To use this model well, you need to understand how it works under the hood.
The CFS Bandwidth Controller
Linux uses the CFS (Completely Fair Scheduler) bandwidth controller to manage CPU quotas. Three parameters control everything:
- cpu.cfs_quota_us: How much CPU time (in microseconds) you get per period
- cpu.cfs_period_us: How long each accounting period is (also in microseconds)
- cpu.cfs_burst_us: The maximum accumulated run-time you can bank (in microseconds)
These are cgroup v1 names, which I find easier to understand. If you're configuring this yourself, you're probably on cgroup v2, which uses cpu.max and cpu.max.burst instead.
For example, if your quota is 25,000µs (25ms) and your period is 100,000µs (100ms), you can use 25ms of CPU time every 100ms. That's equivalent to 25% of a single CPU's time - and that might be what "1 vCPU" means on a shared instance.
The math: quota / period = your CPU share. A quota of 50ms per 100ms period means 50% of a CPU's time. Note that this is aggregate time across all threads in the cgroup, not pinned to a single core.
The burst parameter allows unused quota to accumulate. If your app only uses 10ms during one period, the remaining 15ms (partially) gets added to a burst balance. When a later request needs more than your baseline quota, it can draw from this balance to exceed the baseline temporarily. Burst is capped between 0 and your quota, and is often disabled by default.
Once the burst balance hits zero, you're capped at your baseline until it recovers. It only recovers when you're using less than your baseline - which becomes difficult when requests are queuing up.
See It In Action
Play with this simulator to build intuition for how quota and period settings affect latency:
The interactive component doesnt work on dev.to, click the image to land on my own blog where it works!
Try these experiments:
- Switch to "Spiky" workload and watch the balance drain to zero, triggering throttling (red dashed line)
- Increase the baseline to 25% - notice how the balance stays healthier and throttling decreases
- With "Bursty" workload and low baseline, see how bursts drain balance but it recovers during idle periods
What Happens When You Exceed Your Quota
Let's say you have a 25ms quota per 100ms period, and a request comes in that needs 30ms of CPU time to process.

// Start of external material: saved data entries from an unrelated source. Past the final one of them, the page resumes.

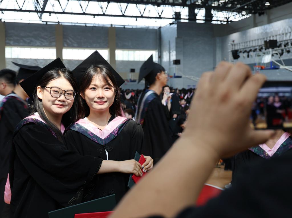 随后,毕业生依次走上主席台,校领导和学位评定委员会委员为他们一一正冠拨穗、授予学位,并向优秀毕业生代表、西部就业毕业生颁发荣誉证书。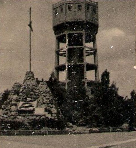 A jobb alsó sarokban a mai Közgé és a megyei rendőrkapitányság között található Árpád-ház nevű lakóházat látjuk még első funkciója idején. Lépcsőházi homlokzatán mintha az eredeti koronás címert látnám, ami ugye a második világháború után tűnt el. A vadszőlő viszont már alaposan befutotta, így biztosak lehetünk abban, hogy sok évvel az épület átadása előtt lett megörökítve a Trianon után Szolnokra telepített intézmény. A középső kép pedig a megcsonkított országra is emlékeztető Országzászlót mutatja, ami az Eötvös téren, az akkor még működő víztorony előtt, szerintem a ma ott álló 68-as obelszik helyén lehetett.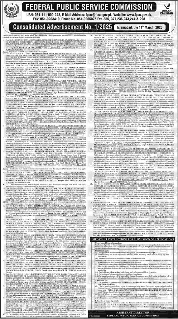 Federal Public Service Commission (FPSC) invites applications for the following vacancies, as advertised in Kawish Newspaper on 17 March, 2025: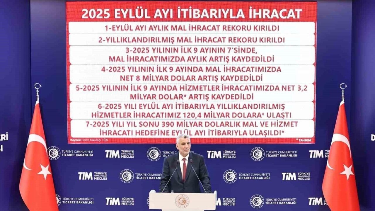 Ticaret Bakanı Ömer Bolat, Eylül ayı dış ticaret verilerine ilişkin, "Eylül ayı mal ihracat rekoru kırdık. Yıllıklandırılmış mal ihracatında da rekor bir rakama ulaştık. 2025 yılının ilk 9 ayının 7’sinde mal ihracatımızda aylık artış başarıldı" dedi.
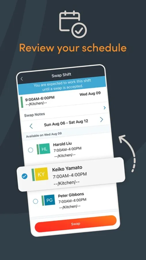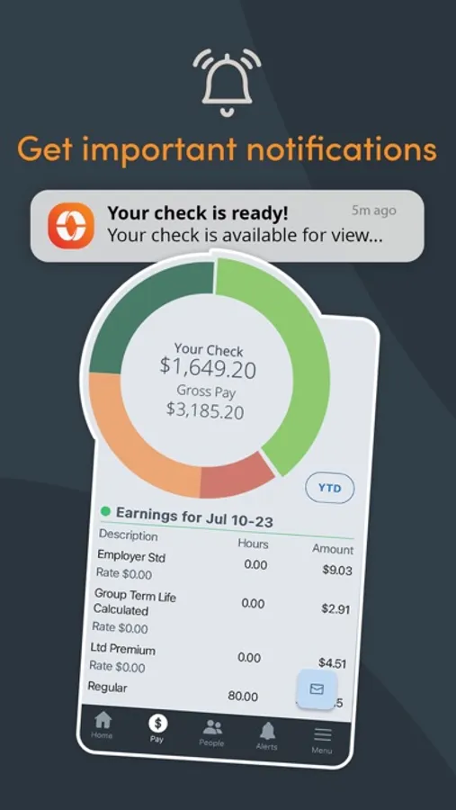 - Receive push notifications for activities like time-off request approvals, checks becoming available, chats, and more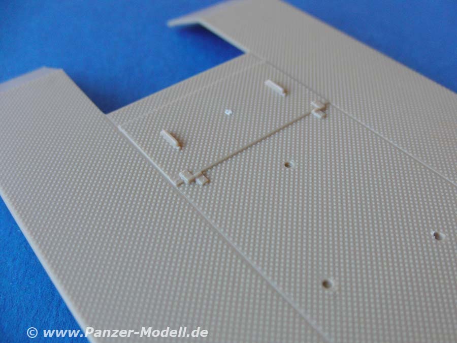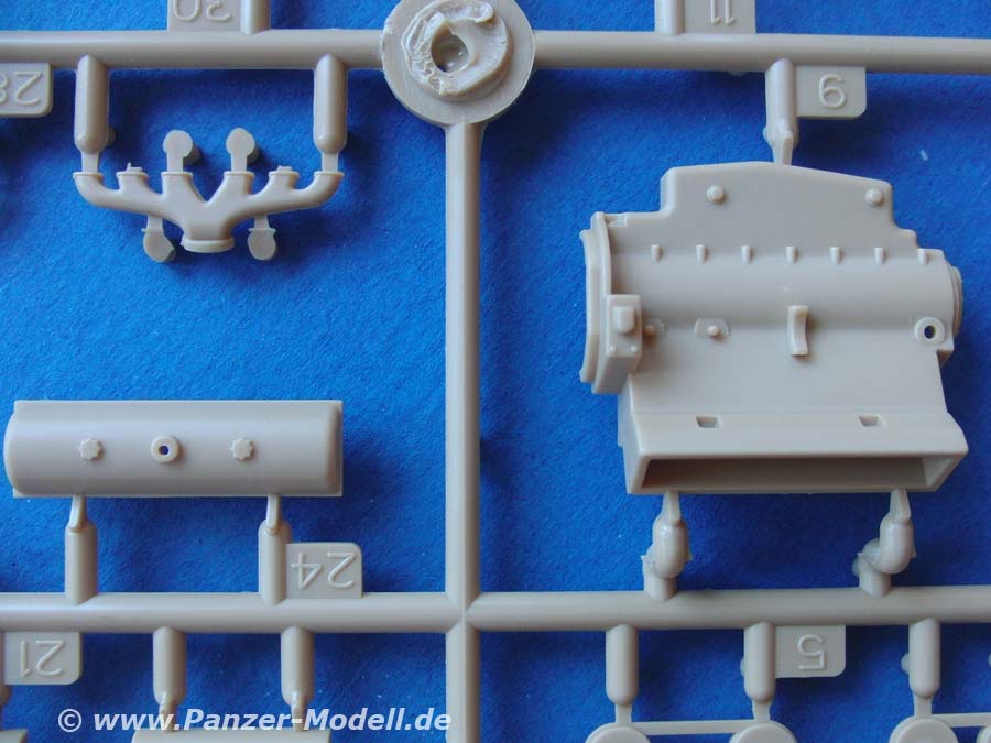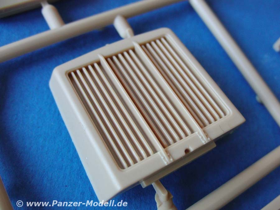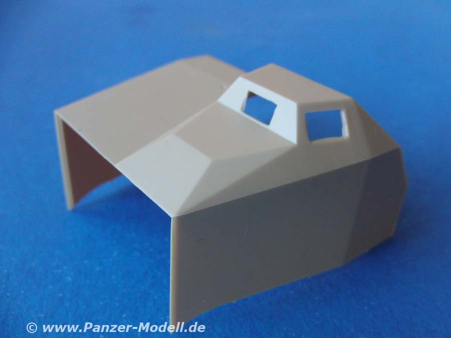 Der gepanzerte Aufbau für den Fahrer ist in einem Stück gemacht und spart somit eine Menge Sorgen beim zusammenbau. Der überpanzerte Motorraum macht ebenfalls einen guten Eindruck. Zwar sind die seitlichen Luken einzeln einklebbar und damit theoretisch offen darstellbar, aber es fehlt an den Innendetails der Luken.

- Your process starts running
- After 25ms, the kernel sees you've used your quota
- Your process gets paused until the next period starts
- 75ms later, a new period begins and you get 25ms more
- Your process finishes the remaining 5ms
Total wall-clock time: 105ms for 30ms of actual work.
Your process wasn't slow - it was waiting. When you exceed your quota, latency doesn't degrade gracefully. It jumps by the length of the remaining period. That sucks, especially for your P99 latency!
When This Works Well
The quota model fits most web workloads because they're inherently bursty - short CPU spikes with idle time in between. If your app averages 10% CPU but occasionally spikes to 50%, the burst balance absorbs those spikes while idle periods let it recover.
When This Breaks Down
The model falls apart in a few scenarios:
Long synchronous operations: A request needing 50ms of CPU with a 25ms quota will always get throttled, regardless of burst balance.
Latency-sensitive workloads: If P99 latency matters, your longest operations need to fit within your quota.
Sustained load: Once burst balance depletes and requests queue up, each new request starts mid-period with less quota remaining. The backlog compounds.
Practical Takeaways
1. Size for your longest operations, not average CPU: If your P99 request needs 40ms of CPU, a 25ms quota will throttle those requests every time.
2. Shorter periods reduce worst-case throttling delay, longer periods increase it: A 50ms period means you wait at most 50ms when throttled. A 100ms period means potentially waiting 100ms. The tradeoff is how quota gets distributed within each period.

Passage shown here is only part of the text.